3. Sensing Bluely

“If there are states of sensing bluely, they obviously do not present themselves as such—otherwise the very existence of a controversy about their existence would be inexplicable.” Sellars (1981, 67)

It’s time to get down to the nitty gritty. In the first of these posts I suggested that we look to vision science to motivate some version of colour relationism, and in the second I argued that we should stop thinking of chromatic vision as merely colouring in our perceptual world, but as a means of detecting and discriminating a range of object properties. So what should we now say about colour ontology?

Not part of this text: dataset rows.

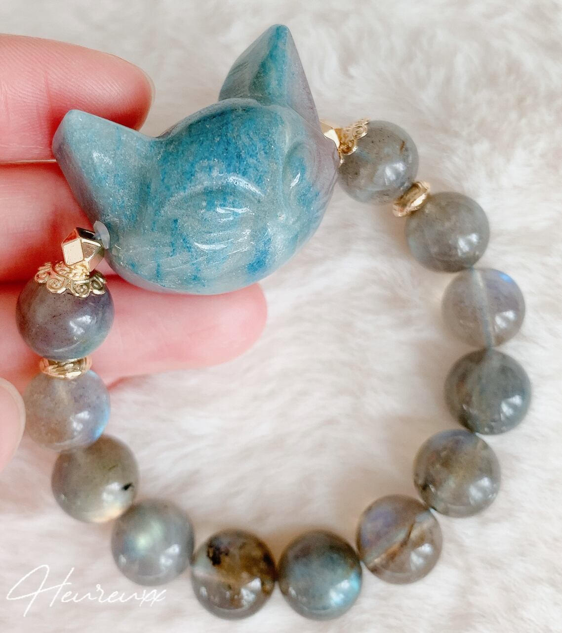♡ラブラドライト トロレアイト 猫 ブレスレット♡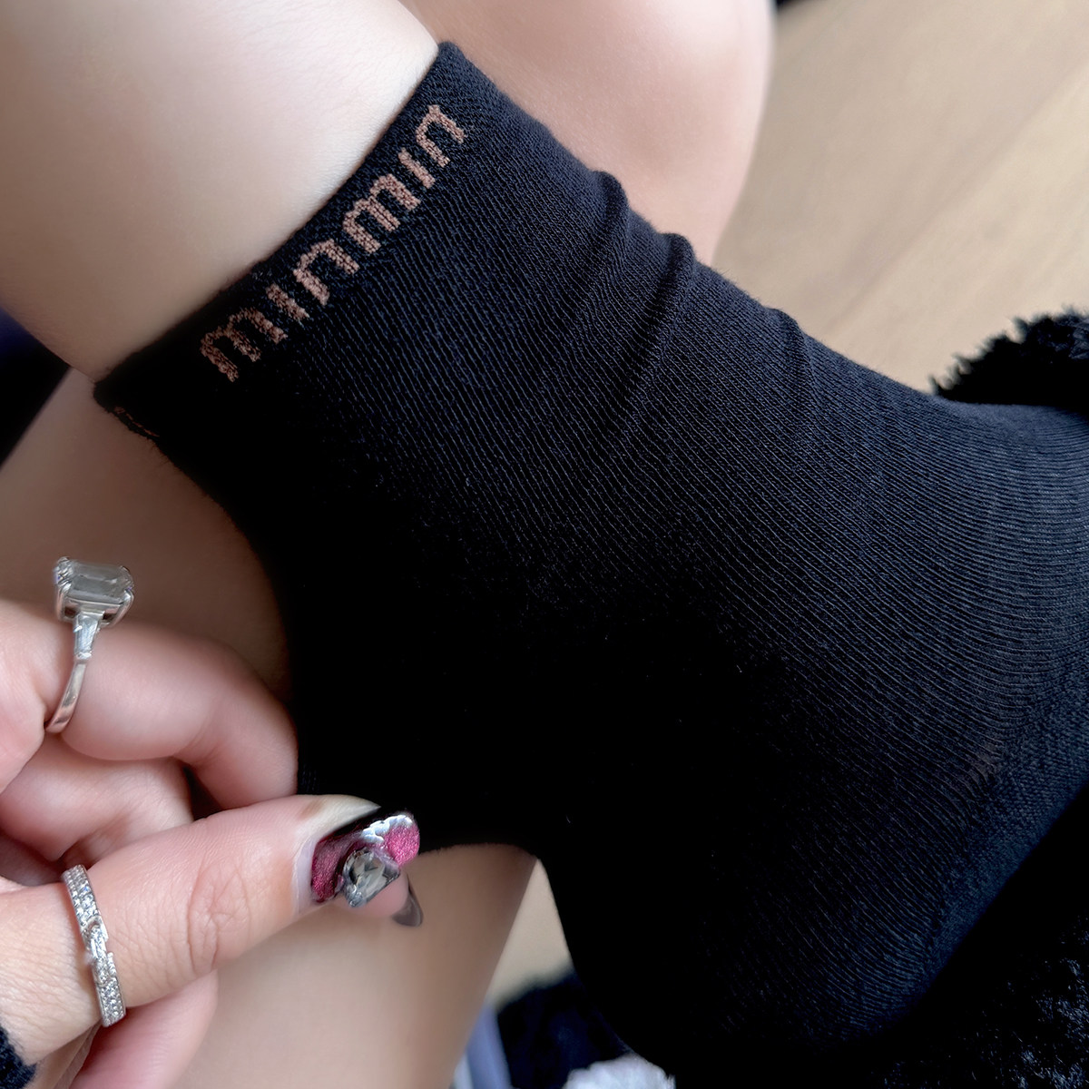 日系复古镂空羊毛小腿袜子女中筒堆堆袜秋冬保暖配靴子长筒袜靴袜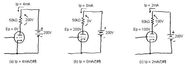 と計算できる(ちなみに、オームの法則は上の式のように、mAとkΩで計算するようにすると便利である) 電源電圧は200Vなので、この電圧はすべて抵抗の両端で使われてしまい、プレート電圧Epは0Vになる。そこで、このIp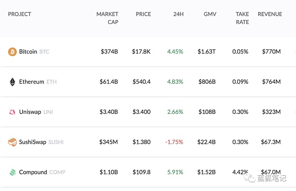 以太坊的交易费用在DeFi推动下,逐渐形成对其他协议和项目的碾压之势。目前以太坊年化捕获费用高达7.6亿美元,仅次于比特币的7.7亿美元。此外,费用靠前的协议和项目基本上都是DeFi领域的。随着DeFi的发展,这个趋势只会增强。而随着EIP-1559提案的实施,这意味着ETH将有机会捕获以太坊的费用收益。它会减少ETH的通胀率,甚至在一定临界点带来通缩的可能性。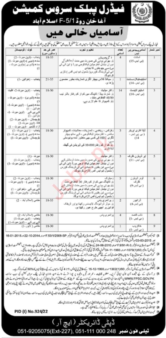 Federal Public Service Commission FPSC jobs advertisement dated about 16 August 2022 in daily Aaj Newspaper invites application for the vacant post of assistant, naib qasid, lower division clerk, khakroob, udc, stenotypist, statistical assistant, deo, sweeper, data entry operator, ldc, driver and upper division clerk in Islamabad, islamabad Islamabad Pakistan. Persons with Primary, Bachelor, B.com, BA, Matric, Master and Intermediate etc. education can apply.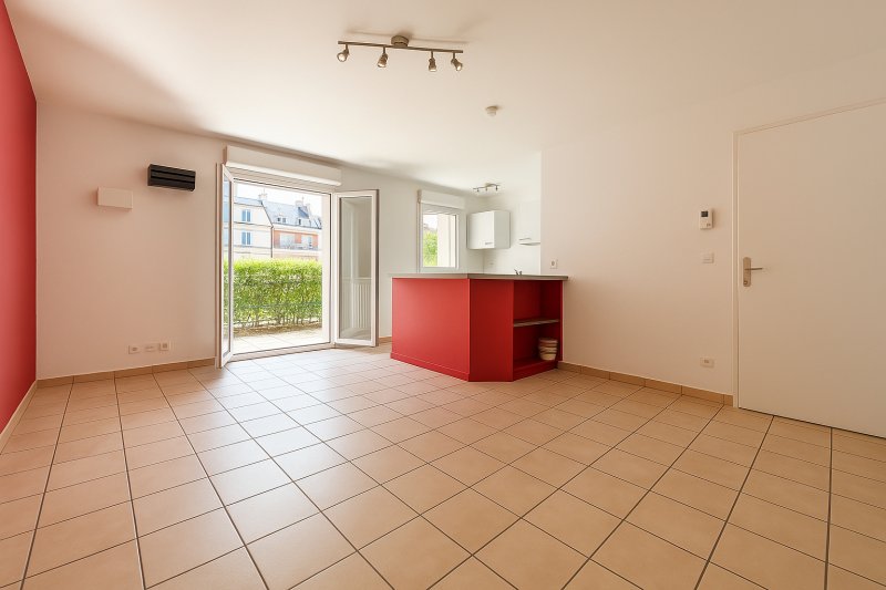 Appartement Type 2 idéalement situé, au calme en impasse, entrée desservant le salon avec cuisine semi-ouverte donnant sur la terrasse.
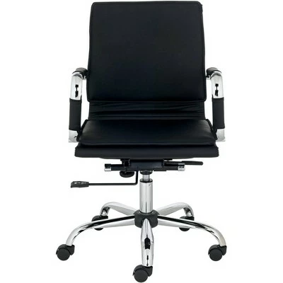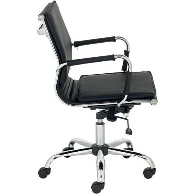 This sleek office chair is adjustable and moves with ease. The chrome frame is matched with gorgeous black faux leather, so it always looks great. The padded seat and back feel great on your spine and the tilt is adjustable. Enhance your productivity by enhancing comfort!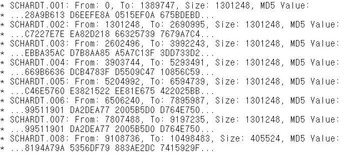 각각의 파일의 해시값은 아래와 같습니다.
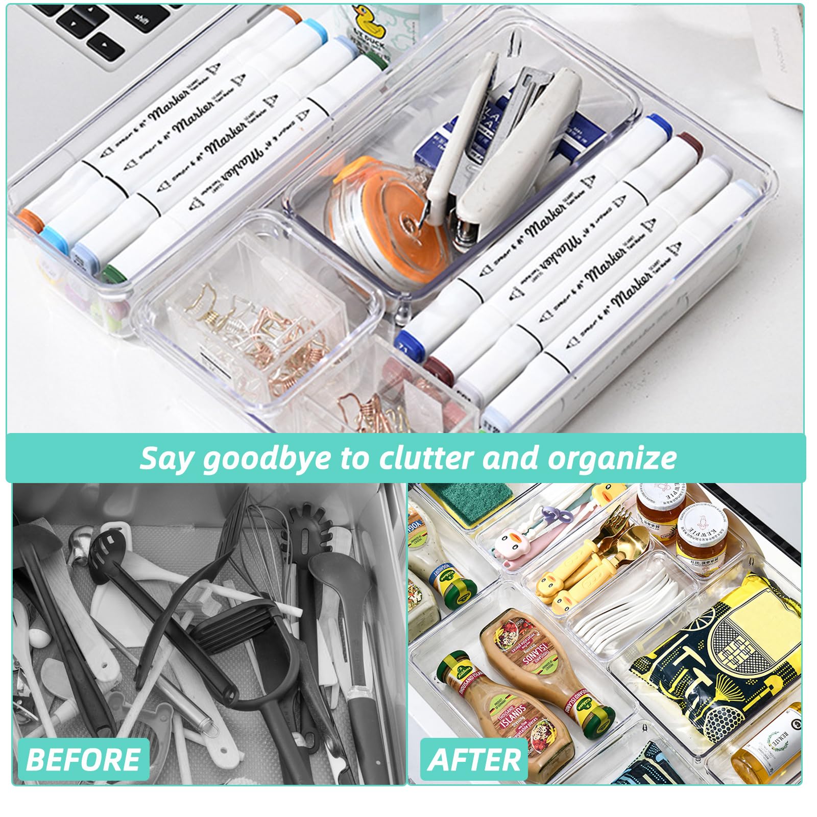Stapelbares Design: Entwickelt, um sicher zu stapeln, können diese Mülleimer in Schubladen oder auf Arbeitsplatten verwendet werden, um Platz zu sparen oder nebeneinander für einfachen Zugang und Organisation zu verwenden. Verwandeln und organisieren Sie Ihren Raum mit diesen transparenten Schubladenbehältern, die für jeden Aufbewahrungsbedarf entwickelt wurden. Premium-Qualität: Hergestellt aus dickem, starkem Kunststoff, BPA-frei für eine lange Lebensdauer, und einfach von Hand zu waschen für mühelose Reinigung. Schminktisch Organizer APACALI 15 Stück Schubladen Ordnungssystem Mit 5 Größen, Schubladen Organizer, Einsetzbar, Antirutsch Schubladen Organizer Veranstalter Für Makeup, Küchen, Bad, Büro Organizer Schminktisch Schubladen Organizer aus Kunststoff werden in einer Vielzahl an Formen und Größen angeboten. Doch nicht nur allein aufgrund dieses Angebots halten Produkten aus Plastik und Co zahlreiche Vorteile bereit Das stapelbare, rutschfeste Design sorgt dafür, dass sie sicher an Ort und Stelle bleiben und gleichzeitig Ihre Aufbewahrungsbedürfnisse maximieren. Vielseitige Organisation: Diese Schubladenbehälter sind perfekt für die Organisation einer Vielzahl von Gegenständen wie Make-up, Utensilien, Bürobedarf, Junk-Schubladenaufbewahrung, Schmuck, kleine Werkzeuge, Bastelbedarf, Soßenpakete, Teebeutel, Kosmetika. Perfekt für Küche, Bad, Büro oder überall sonst in Ihrem Zuhause. Rutschfest: Das dicke Acryl-Design sorgt für eine stabile, rutschfeste Innenseite von Schubladen oder auf Oberflächen. Diese Behälter sind aus robustem, BPA-freiem Kunststoff gefertigt und verfügen über ein klares Design, mit dem Sie Ihre Gegenstände auf einen Blick sehen können. 15 Stücke Schubladen Ordnungssystem mit 4 Bis zu 50% reduziert Kunststoff Schubladen-Organizer online kaufen bei » Große Auswahl Top Marken Top Service Ratenkauf & Kauf auf Rechnung » Jetzt bestellen

In the book a propose an account whereby colours are properties not of objects, nor of perceivers, but of the perceptual interactions that relate these two. It is a kind of adverbialism because colours are attributed not to things but to an activity (perceiving). For example, instead of saying that the distant mountains are blue, the adverbialist opts to say that they are seen in a blue way—seen bluely. Now the point of my proposal is not to encourage people to replace ordinary English with these awkward adverbial rephrasings. Rather, it is to capture the insight of the recent experimental work on the interaction between chromatic vision and other visual processes. The important lesson was that seeing in colour reveals a world of things around us, regardless of whether or not those things bear a physical or mind-independent property that corresponds to our chromatic experiences.

The basic idea is that colours are both, and at the same time, ways that visual stimuli appear to us and ways that we perceive those things. Take the fungi in these photographs. The availability of colour makes their presence much more vivid—their contrast against the forest background appears to us in this orangey way.


Adverbial analyses of perceptual states were first developed in the mid-twentieth century as an alternative to the then dominant sense-data theories of perception. By the late 1980’s a couple of objections to adverbialism were considered deadly enough to have killed off the whole idea. Wilfrid Sellars is one philosopher who toyed with adverbialism at various points during his career. In a late work, the Carus Lectures, he floats an adverbialist solution to the problem of how we fit conscious sensory events into the apparently non-mental world of neurobiology. The crucial difference between Sellars’ proposal and mine is that he takes colours to be properties of sensing events which are entirely internal to the brain of the individual subject, whereas I extend the process to which we attribute colour outside to include the object perceived.

Like Sellars, I end up with an account which is puzzling and revisionary from the perspective of ordinary language and common philosophical interpretations of visual experience. Sellars was unruffled, writing:

“To put it bluntly, the fruits of painstaking theory construction in the psychology and neuro-physiology of sense perception cannot be anticipated by screwing up one’s mental eye (the eye of the child within us) and “seeing” the very manner-of-sensing-ness of a volume of red.” (1981, 19)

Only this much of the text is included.